I can look into it for you though. I just stick with them because I see most suppliers don't have great stuff near the city.


----------



## cedarcottage (Dec 5, 2012)

Kipcha said:


> I would recommend staying with Valley Hay Sales. They guarantee no mould in their hay, not to mention they are top quality.
> 
> I can look into it for you though. I just stick with them because I see most suppliers don't have great stuff near the city.



I have been trying to phone them for the last 3 days and only get voice mail. Do you know if they are open Saturdays, and can we just drop in a buy a bale?


----------



## Korr_and_Sophie (Dec 5, 2012)

I do agree that Valley Hay Sales has good hay. It does seem to be hard to go a hold of them though. I don't think they are around all the time, so you kind of have to go when they are around and have a set time to go. 

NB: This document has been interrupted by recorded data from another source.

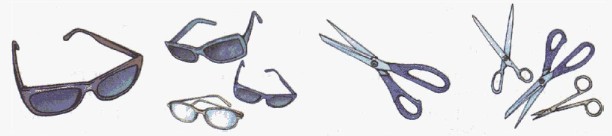 Назовите предметы, изображённые на рисунках. Имеют ли существительные ножницы, очки разные формы для единственного и для множественного числа?
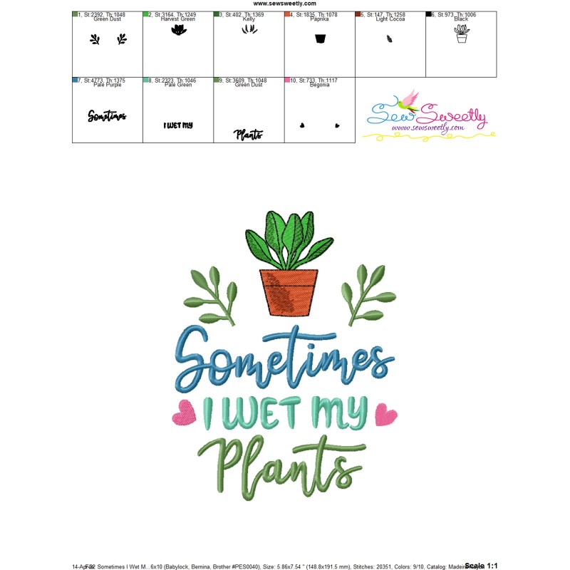 Sometimes I Wet My Plants Gardening Embroidery Design Pattern
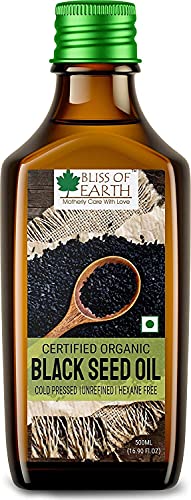 Bliss of Earthorganic Kalonji Oil (Black Cumin Seed Oil) is a premium quality 100% pure 100% organic unrefined virgin & cold pressedoil. It is extracted from the seeds of organic black cumin. It is a rich source of essential fatty acids and also contains two very powerful compoundsNigellone an anti-histamineandThymoquinone an anti-inflammatoryalong with other nutrients that work synergistically to support the body's various functions. Suggested Use:For adults take 1-2 TSP daily with food or your favourite juice. If using for the first time start with o½ TSP and gradually increase over a few days. Regular Use of Black seed promotes: Healthy Inflammatory response. Skin & Hair Health Digestive & respiratory health Healthy blood cholesterol levels Healthy blood pressure levels Healthy blood sugar levels
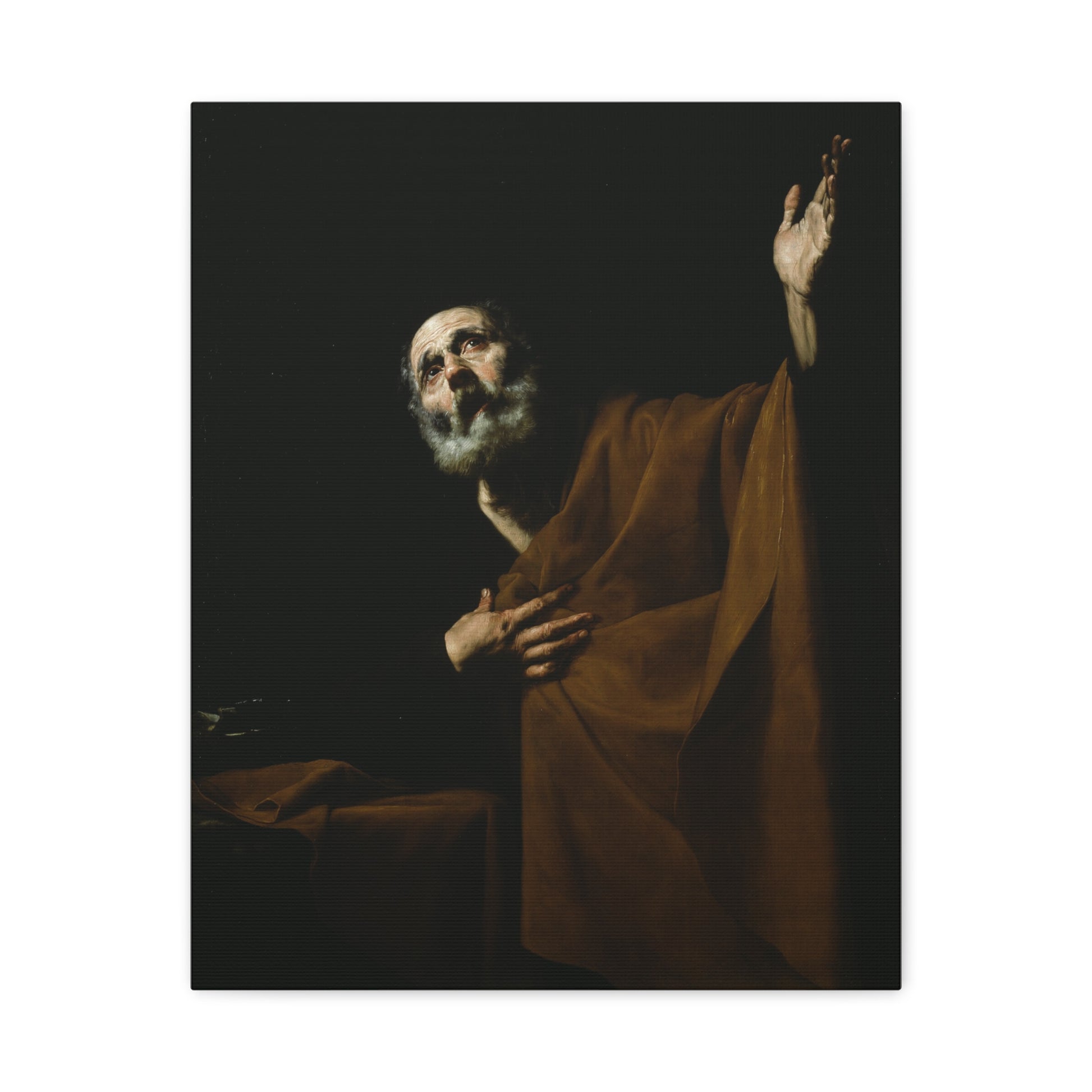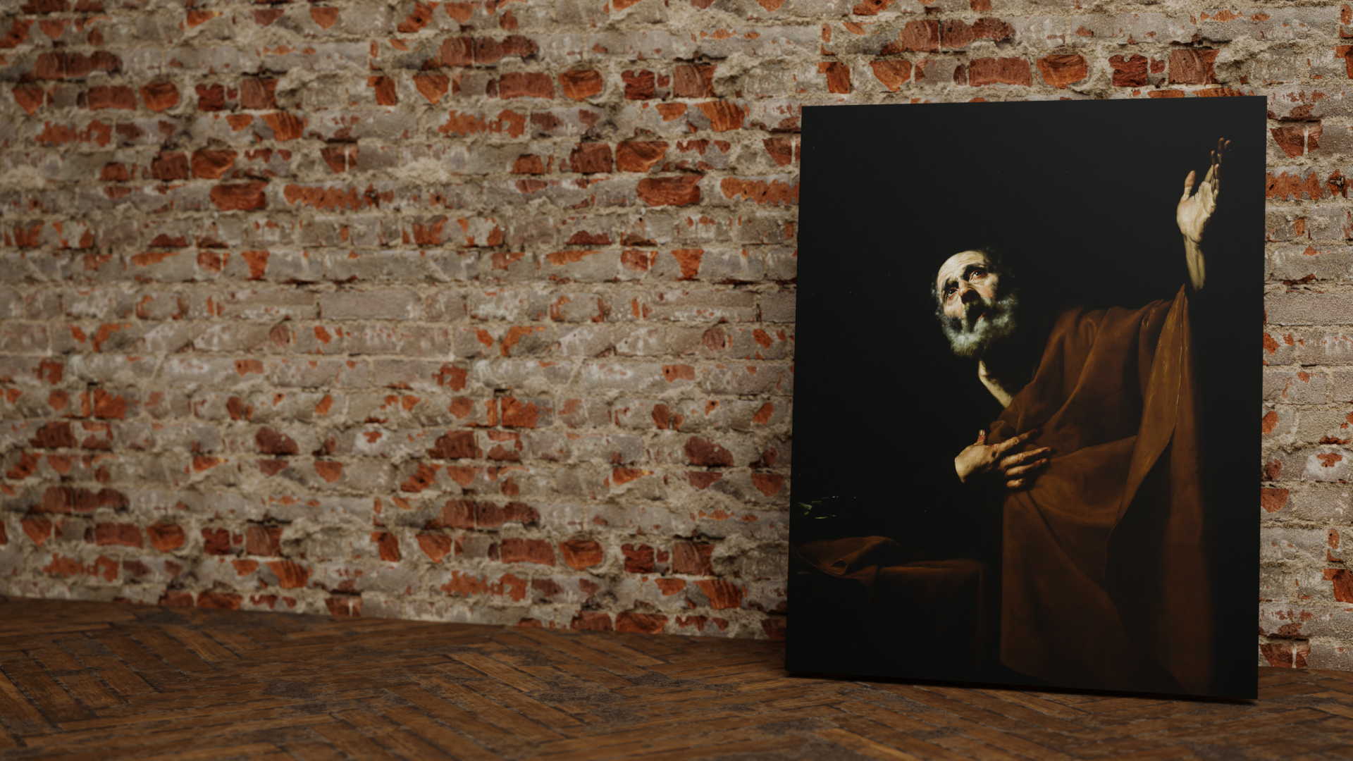 Emerging from shadow into a radiant light streaming from above, Saint Peter’s uplifted gaze and expressive gesture capture a moment of profound spiritual exchange, as he wrestles with the deep remorse of denying Christ.

I go with Kipcha and her mom to get hay and we get like 15 bales at a time to last a few months. We just got a load not too long ago, so won't be getting more for a while.


----------



## cedarcottage (Dec 5, 2012)

Korr_and_Sophie said:


> I do agree that Valley Hay Sales has good hay. It does seem to be hard to go a hold of them though. I don't think they are around all the time, so you kind of have to go when they are around and have a set time to go.
> 
> I go with Kipcha and her mom to get hay and we get like 15 bales at a time to last a few months. We just got a load not too long ago, so won't be getting more for a while.

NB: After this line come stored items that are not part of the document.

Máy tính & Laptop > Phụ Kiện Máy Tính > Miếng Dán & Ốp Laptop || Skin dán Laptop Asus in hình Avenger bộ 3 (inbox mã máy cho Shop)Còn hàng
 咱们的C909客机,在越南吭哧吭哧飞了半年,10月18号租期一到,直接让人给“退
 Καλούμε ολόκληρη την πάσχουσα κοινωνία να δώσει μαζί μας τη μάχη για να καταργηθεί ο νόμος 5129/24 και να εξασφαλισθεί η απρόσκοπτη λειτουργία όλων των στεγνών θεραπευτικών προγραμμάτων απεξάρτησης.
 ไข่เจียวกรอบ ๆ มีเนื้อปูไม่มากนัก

Any chance you could sell us maybe half a bale?


----------



## Pipp (Dec 12, 2012)

The advantage of having regional bunny groups is to trade information and share resources, maybe other bunny people would be interested in hay as well and it can be a bit of a funding source for Kipcha's rescue.  Sure can't get any more expensive or with less quality than pet store bags of hay! 


sas :bunnydance:


----------



## cedarcottage (Dec 13, 2012)

We ended up driving 50 km to get a bale for $10 from Valley Hay near Millerville.


----------



## Kipcha (Dec 13, 2012)

Did you not get Mom's messages on Facebook? Oh well, how do you like the hay?


----------



## cedarcottage (Dec 14, 2012)

Kipcha said:


> Did you not get Mom's messages on Facebook? Oh well, how do you like the hay?


The bunnies like it just fine.


----------



## Zone3 (Jun 11, 2013)

Bulk Barn sells large bags of hay at good prices.


----------



## Korr_and_Sophie (Jun 11, 2013)

Zone3 said:


> Bulk Barn sells large bags of hay at good prices.



I've never seen hay at Bulk Barn before. Which location did you see it at?


----------